You know when there’s a problem and someone pulls you aside to discuss it away from everyone else? That’s what this felt like. In the solitary confinement of my (quite comfy) hotel room, God talked me through reading, journaling, praying, listening, and addressing the big issues of the past year. It wasn’t instant complete healing- that process with continue to take time- but He demolished a big chunk of the wall I’ve been diligently building around my heart.

me: “So now what, God? We’ve established that I’m quite broken. Doesn’t that make me too defective to properly shepherd the precious young lives at church?”

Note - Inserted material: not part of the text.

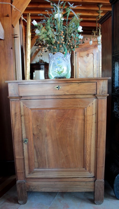 Bahut de propriété Directoire à hauteur d’appui en noyer massif. Il ouvre par 1 tiroir en partie haute et 1 porte. L’intérieur est garni d’une étagère.

And so we processed that one together the next day. A couple different speakers referenced the story of the woman at the well, and pointed out that she ministered to her entire town without being completely put together and without understanding all the answers. Furthermore, my experience with the dark struggles of bipolar disorder equips me to handle issues that many youth workers don’t understand or even fear. There’s no  way I could relate to someone who’s stranded at rock bottom if I didn’t reside there myself. But I have to get through to the other side in order for this to happen.

So I was feeling pretty good about things, and caught myself actually thinking (adventurously expectant, even) about the future- something I had previously given up. I felt ready for the evening’s speaker, Jamie Tworkowski from To Write Love On Her Arms. I knew that the subject matter would hit close to home (for the story behind TWLOHA, click here and scroll down). When Jamie said, “I don’t have the answers”, I wanted to say, “But you do!” The common thread between his story, my story, and even the stories of other people is this: when someone is in trouble, it takes a team of support LIVING active love to change or save a flailing life. He and his friends surrounded a girl in need, and took every possible practical step to walk with her to recovery. When I got lost this spring, my family of dear friends held onto hope for me when I couldn’t grasp it. They walked through every practical task, holding my hand to pull me up.

In “Christianese” we call this “being the hands and feet of Christ”. In straight-up English this means love in real-life action. We MUST do this- in ministry and outside the church walls- it’s not an option or going the extra mile. It is a requirement for people to live.

Holy cow, this is longer than intended. If I could, I’d give you a cookie for sticking with me and reading this far. But I had to tell you where I went this weekend. I’m the woman who went to a well for one purpose (youth ministry training), and left with unexpected living water. The only logical thing to do next is share with everyone who will listen.

Oh, and on the last day, I finally met a group of fantastic guys from West Virginia. So I even got to hang out with fun new people. It was worth the drive to San Diego, don’t you think?